Land- und Forstwirtschaft
- Wir wollen die Verarbeitung, Herstellung und Vermarktung vorhandener und neu entwickelter Produkte forcieren.
- Bewusstsein schaffen für Landwirtschaft, Lebensmittel, Umwelt, Nachhaltigkeit und .Kreislaufwirtschaft.
- Die Erhaltung der Kulturlandschaft soll sichergestellt werden.
Erhöhung des Anteils von biologisch bewirtschafteter Fläche.
Gesundheit/Soziales
- Wir sind eine lebenswerte Region für Menschen in allen Lebenslagen.
- Aufbau eines innovativen Fitness- und Selfnessprogramms (Körper, Seele und Geist) für HansBergLand-BewohnnerInnen und BesucherInnen der Region.

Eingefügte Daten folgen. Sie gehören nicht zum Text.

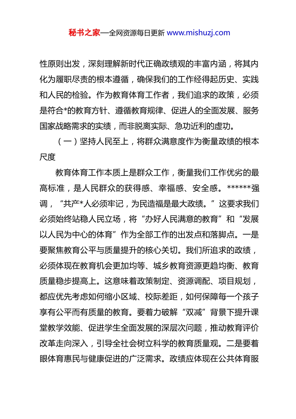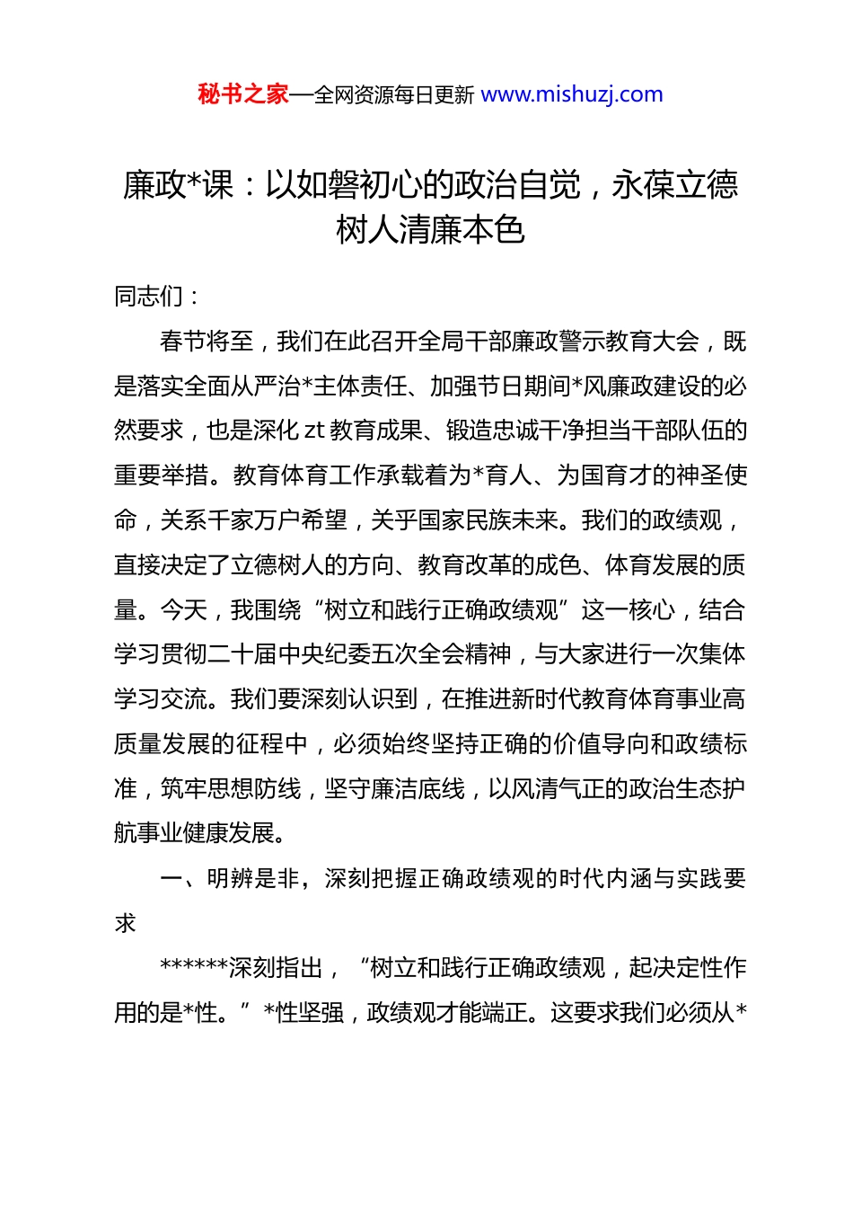 秘书之家—全网资源每日更新 www.mishuzj.com廉政*课:以如磐初心的政治自觉,永葆立德树人清廉本色同志们:春节将至,我们在此召开全局干部廉政警示教育大会,既是落实全面从严治*主体责任、加强节日期间*风廉政建设的必然要求,也是深化 zt 教育成果、锻造忠诚干净担当干部队伍的重要举措。教育体育工作承载着为*育人、为国育才的神圣使命,关系千家万户希望,关乎国家民族未来。我们的政绩观,直接决定了立德树人的方向、教育改革的成色、体育发展的质量。今天,我围绕“树立和践行正确政绩观”这一核心,结合学习贯彻二十届中央纪委五次全会精神,与大家进行一次集体学习交流。我们要深刻认识到,在推进新时代教育体育事业高质量发展的征程中,必须始终坚持正确的价值导向和政绩标准,筑牢思想防线,坚守廉洁底线,以风清气正的政治生态护航事业健康发展。一、明辨是非,深刻把握正确政绩观的时代内涵与实践要求******深刻指出,“树立和践行正确政绩观,起决定性作用的是*性。”*性坚强,政绩观才能端正。这要求我们必须从*秘书之家—全网资源每日更新 www.mishuzj.com性原则出发,深刻理解新时代正确政绩观的丰富内涵,将其内化为履职尽责的根本遵循,确保我们的工作经得起历史、实践和人民的检验。作为教育体育工作者,我们追求的政策,必须是符合*的教育方针、遵循教育规律、促进人的全面发展、服务国家战略需求的实绩,而非脱离实际、急功近利的虚功。(一)坚持人民至上,将群众满意度作为衡量政绩的根本尺度教育体育工作本质上是群众工作,衡量我们工作优劣的最高标准,是人民群众的获得感、幸福感、安全感。******强调,“共产*人必须牢记,为民造福是最大政绩。”这要求我们必须始终站稳人民立场,将“办好人民满意的教育”和“发展以人民为中心的体育”作为全部工作的出发点和落脚点。一是要聚焦教育公平与质量提升的核心关切。我们所追求的政绩,必须体现在教育机会更加均等、城乡教育资源更趋均衡、教育质量稳步提高上。这意味着政策制定、资源调配、项目规划,都应优先考虑如何缩小区域、校际差距,如何保障每一个孩子享有公平而有质量的教育。要着力破解“双减”背景下提升课堂教学效能、促进学生全面发展的深层次问题,推动教育评价改革走向深入,引导全社会树立科学的教育质量观。二是要着眼体育惠民与健康促进的广泛需求。政绩应体现在公共体育服秘书之家—全网资源每日更新 www.mishuzj.com务体系更加完善、全民健身活动更加普及、青少年体质健康水平持续提升上。我们的工作重点应是建好群众身边的体育场地设施,组织好群众喜闻乐见的体育赛事活动,推动体教融合、体卫融合走深走实,让体育更好地服务健康中国战略和人民群众高品质生活需求。三是要回应师生、家长、社会的热点难点问题。政绩应体现在对学位供给、校园安全、师德师风、招生考试、体育场馆开放等社会高度关注问题的有效回应和切实解决上。必须坚持问题导向,深入基层一线调研,倾听真实声音,将解决群众的急难愁盼作为我们工作的着力点,用扎实的行动和实际的成效赢得群众的信任与支持。(二)遵循客观规律,将科学发展作为创造政绩的基本路径教育是慢的艺术,体育是系统工程,有其内在的规律性。树立正确政绩观,必须尊重规律、实事求是,坚决反对脱离实际、盲目蛮干。******要求,“谋划事业、制定政策、推进工作,要遵循客观规律,坚持一切从实际出发。”这警示我们,任何急功近利、违背规律的“政绩”,最终都会损害事业根基。一是要遵循学生身心成长规律和教育教学规律。教育政策的制定、教学改革的推进、育人方式的选择,都必须建立在对不同年龄段学生认知特点、心理发展阶段的科学认知基础上。秘书之家—全网资源每日更新 www.mishuzj.com要摒弃“唯分数”“唯升学”的短视行为,着力构建德智体美劳全面培养的教育体系,注重因材施教,激发学生内在潜能,培养创新精神和实践能力。要尊重教师专业自主权,为教师潜心育人创造良好环境,避免不必要的行政干扰和形式主义负担。二是要遵循体育人才培养和竞技体育发展规律。优秀运动员的成长周期漫长,需要科学选材、系统训练、文化教...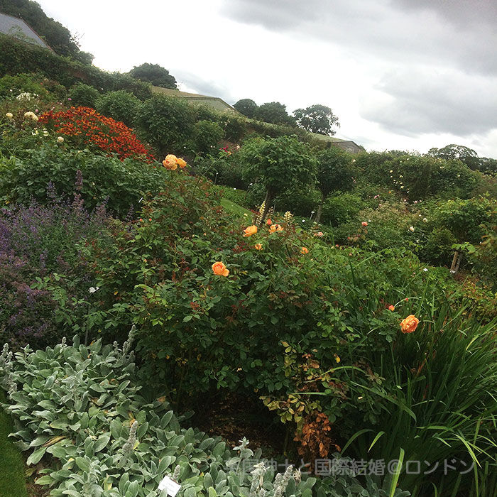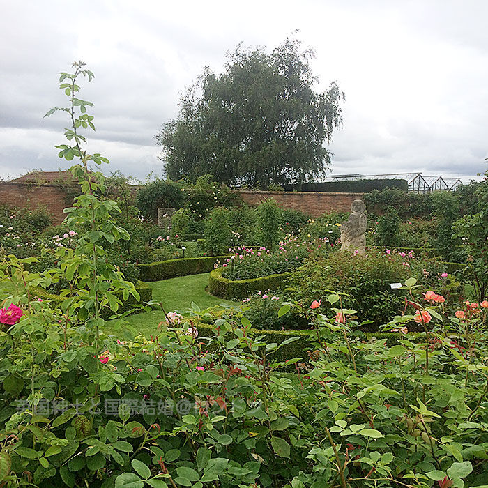 まずはローズガーデンからご紹介。小さなティールームがあって休憩できる。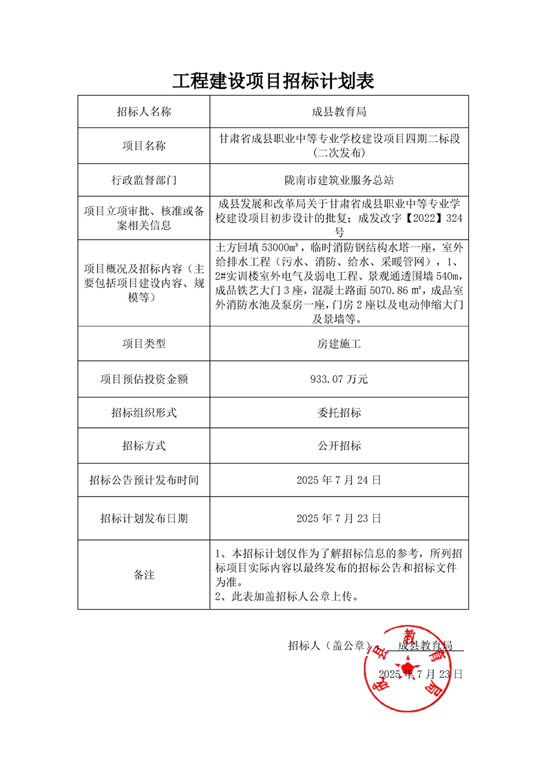 招標計劃表—甘肅省成縣職業(yè)中等專業(yè)學校建設項目四期二標段.pdf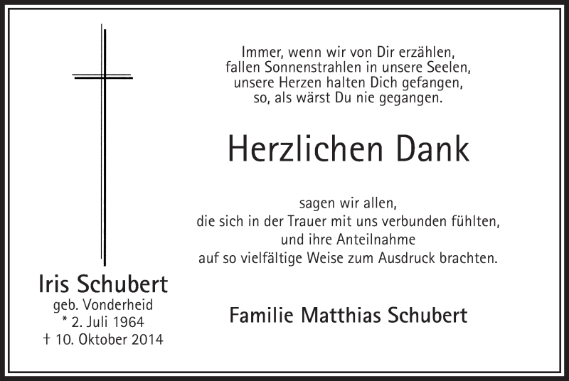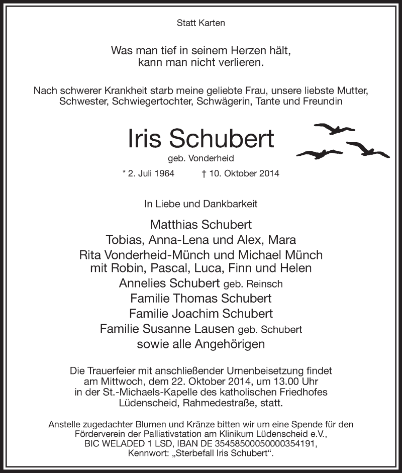 Hier finden Sie alle Traueranzeigen aus der Zeitung, die bisher für Iris Schubert erschienen sind. Weitere Traueranzeigen, die in der Zeitung erscheinen, werden hier ebenfalls aufgelistet

- Bewusstseinsbildung im Hinblick auf Entspannung und Entschleunigung (schöne Natur, Ruhe, Wohlfühlen, Essen, Wandern, …).
Gewerbe/Arbeit/Bildung/Dorfentwicklung
- Schaffung eines gemeinsamen Gewerbegebietes damit durch Betiebsansiedelungen zusätzliche Arbeitsplätze in der Region geschaffen werden können.
- HansBergLand soll eine Handwerker-Region und eine moderne Region für Zukunftstechnologien werden.
- Aufbau bedarforientierter Qualifizierungsangebote zur Aus- und Weiterbildung.
- Forcierung der Selbstständigkeit für innovative Arbeitnehmer.
- Erhalt der dörflichen Strukturen und der Ortszentren.
- Sicherstellung der Nahversorgung in der Region.